:: Instructions for the task ::
Output, exactly as written, the lines below starting at the line containing "23 серпня волонтери" and ending at the line containing "Cozinha planejada e". Drop the pictures and keep both end lines.

:: Source material ::
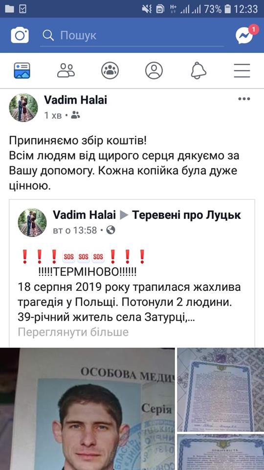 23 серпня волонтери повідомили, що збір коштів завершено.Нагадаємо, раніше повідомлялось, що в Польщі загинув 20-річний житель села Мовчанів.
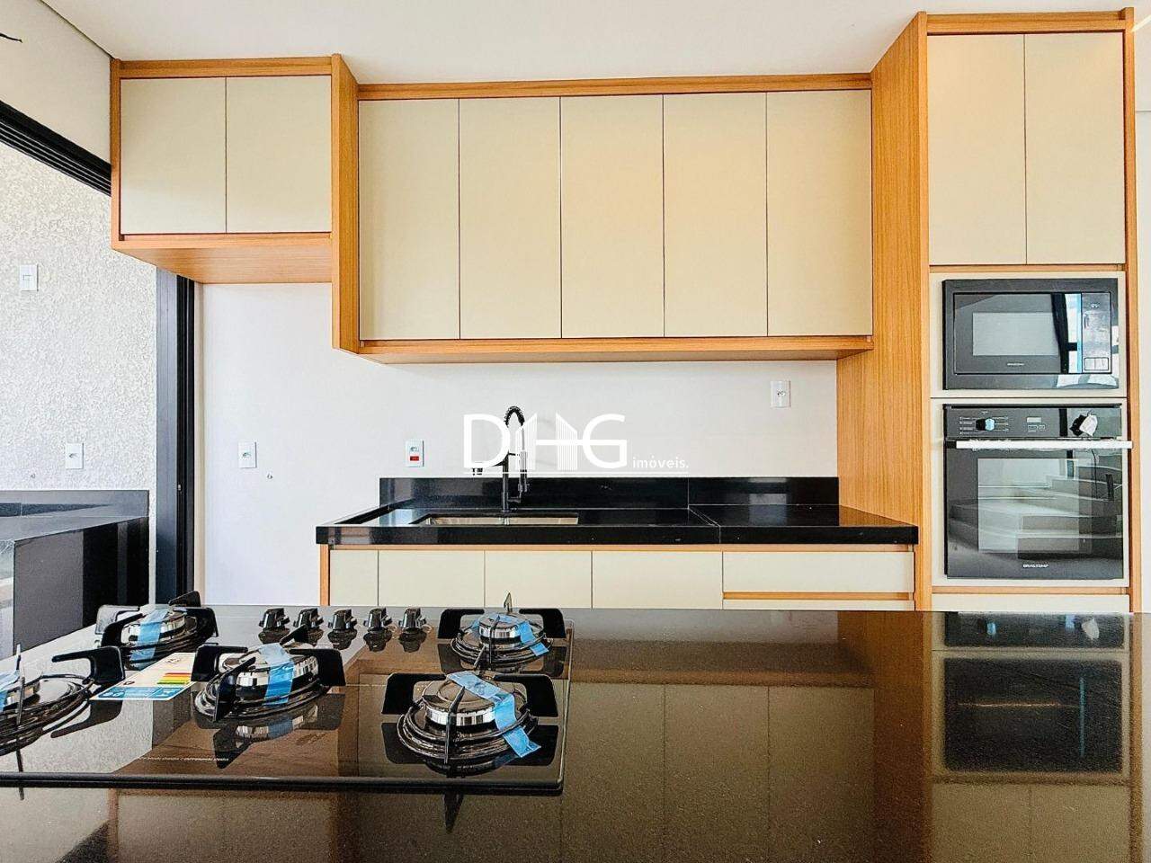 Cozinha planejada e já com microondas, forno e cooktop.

==

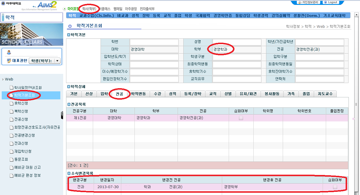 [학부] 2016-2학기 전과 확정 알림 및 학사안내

:: Finished exercise ::
 23 серпня волонтери повідомили, що збір коштів завершено.Нагадаємо, раніше повідомлялось, що в Польщі загинув 20-річний житель села Мовчанів.
 Cozinha planejada e já com microondas, forno e cooktop.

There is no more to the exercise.